— WORK INSTRUCTION —
Only an exact repeat of the listing, without its images, counts as the answer.

### RECORDED INFORMATION ###

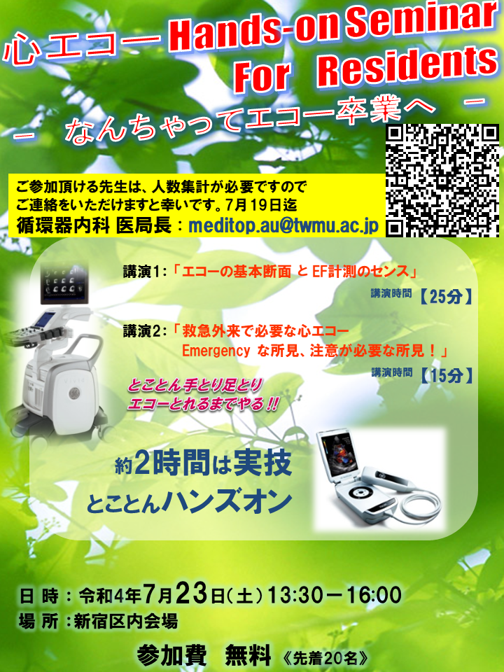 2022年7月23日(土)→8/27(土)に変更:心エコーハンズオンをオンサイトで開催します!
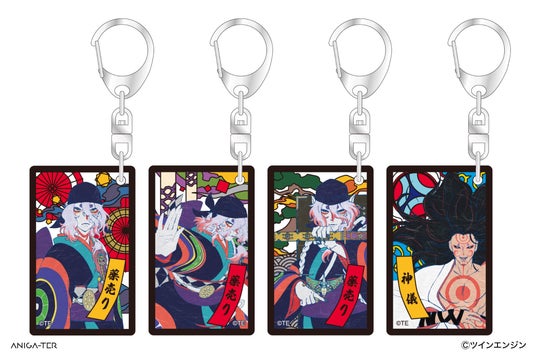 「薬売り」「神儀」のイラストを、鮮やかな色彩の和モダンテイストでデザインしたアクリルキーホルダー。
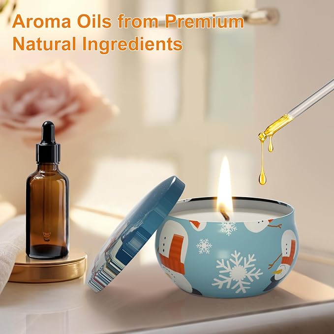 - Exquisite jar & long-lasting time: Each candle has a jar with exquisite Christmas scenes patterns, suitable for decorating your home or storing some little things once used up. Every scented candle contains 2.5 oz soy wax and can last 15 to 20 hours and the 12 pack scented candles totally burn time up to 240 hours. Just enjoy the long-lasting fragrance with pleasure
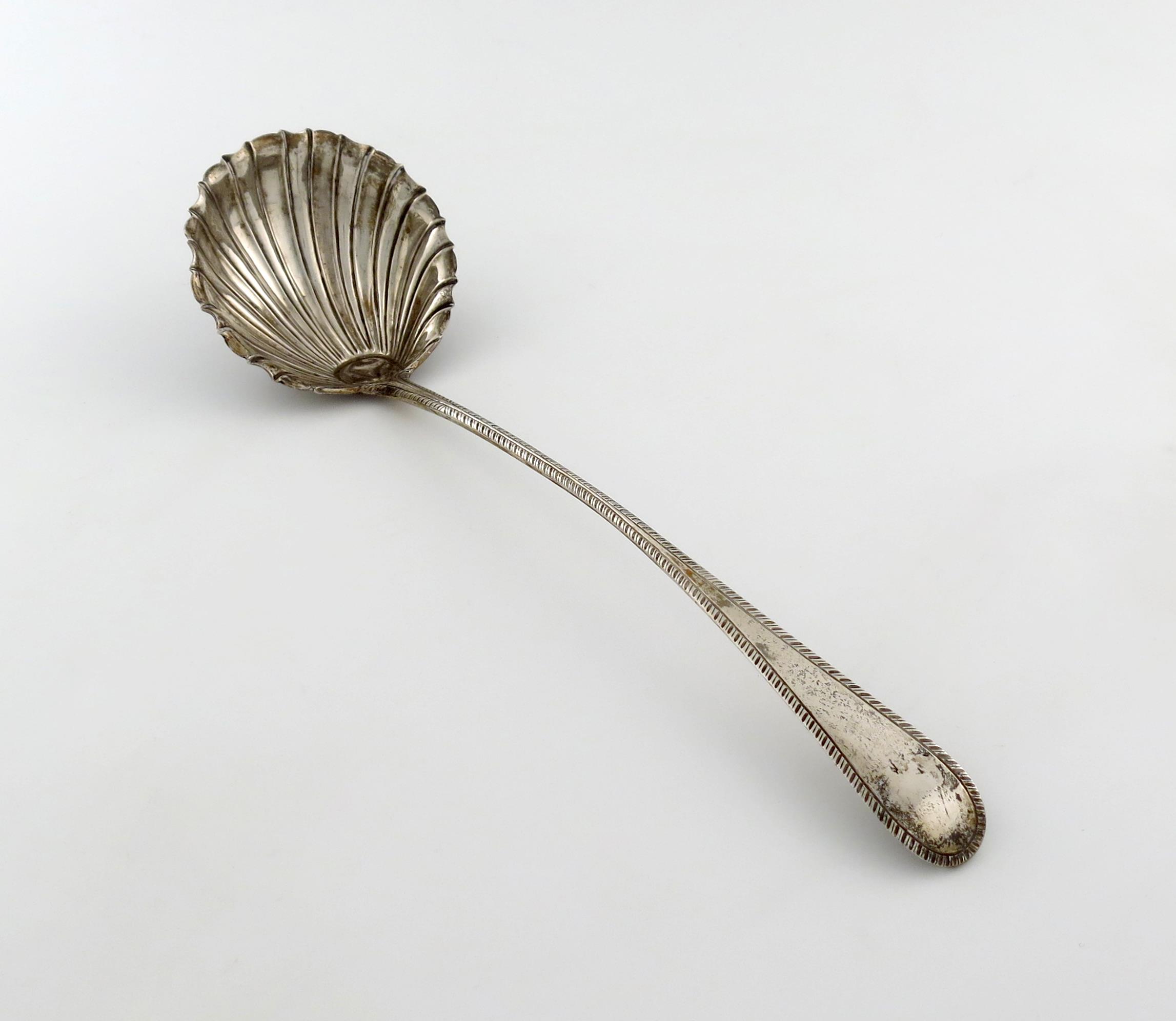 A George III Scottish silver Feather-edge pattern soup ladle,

###

— SOLUTION TO THIS EXERCISE —
 2022年7月23日(土)→8/27(土)に変更:心エコーハンズオンをオンサイトで開催します!
 「薬売り」「神儀」のイラストを、鮮やかな色彩の和モダンテイストでデザインしたアクリルキーホルダー。
 - Exquisite jar & long-lasting time: Each candle has a jar with exquisite Christmas scenes patterns, suitable for decorating your home or storing some little things once used up. Every scented candle contains 2.5 oz soy wax and can last 15 to 20 hours and the 12 pack scented candles totally burn time up to 240 hours. Just enjoy the long-lasting fragrance with pleasure
 A George III Scottish silver Feather-edge pattern soup ladle,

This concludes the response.